Cercospora beticola is the most serious leaf disease of sugar beets in the United States. It causes decreased sugar content and quality as well as decreased quality of stored roots. Significant yield loss occurs when the average incidence of leaf spot exceeds 3% at harvest.
Prior to 2005, growers had to rely on traditional disease control measures including: choosing seed that is resistant to the disease, planting in fields that have not had sugar beets for at least two years and tillage to bury infected residue. In conjunction with these best practices, growers had the opportunity to view historic Cercospora Daily Infection Values (DIVs) on the North Dakota Agricultural Weather Network (NDAWN) Web site. These historical values indicate the level of risk associated with disease infection based on recent weather conditions.

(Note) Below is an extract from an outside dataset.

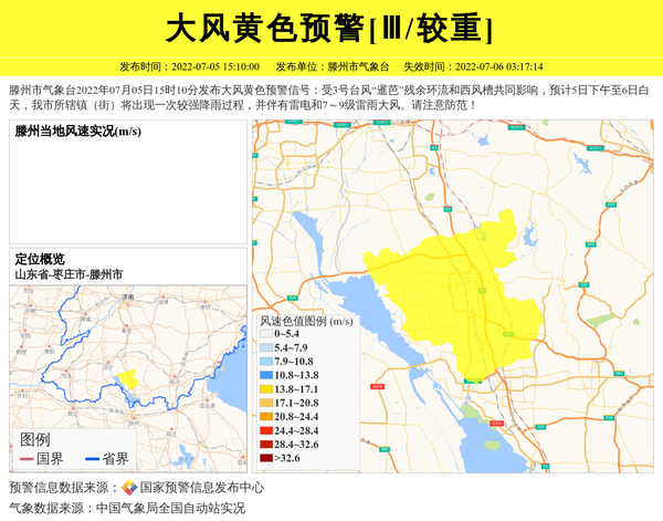 滕州市气象台2022年07月05日15时10分发布大风黄色预警信号:受3号台风“暹芭”残余环流和西风槽共同影响,预计5日下午至6日白天,我市所辖镇(街)将出现一次较强降雨过程,并伴有雷电和7~9级雷雨大风。请注意防范! 信息来源:国家预警信息发布中心; 发布单位:滕州市气象台。

The Growth Stage CLS DIV model is based on forecasted weather patterns giving an advanced look at probable disease pressures. Using both NDAWN and the Growth Stage DIV models, growers can view historic DIVs along with the map of forecasted DIVs to get a better understanding of when the best time is to apply fungicides.
The DIV model is a calculated measurement of favorable weather conditions for spore germination and subsequent infection. A DIV is derived from a combination of daily hours of wetness. Two-day sums of DIVs above a specified threshold indicate a potential for infection. All model results are for guidance only. Management decisions should be based on additional evidence in the field.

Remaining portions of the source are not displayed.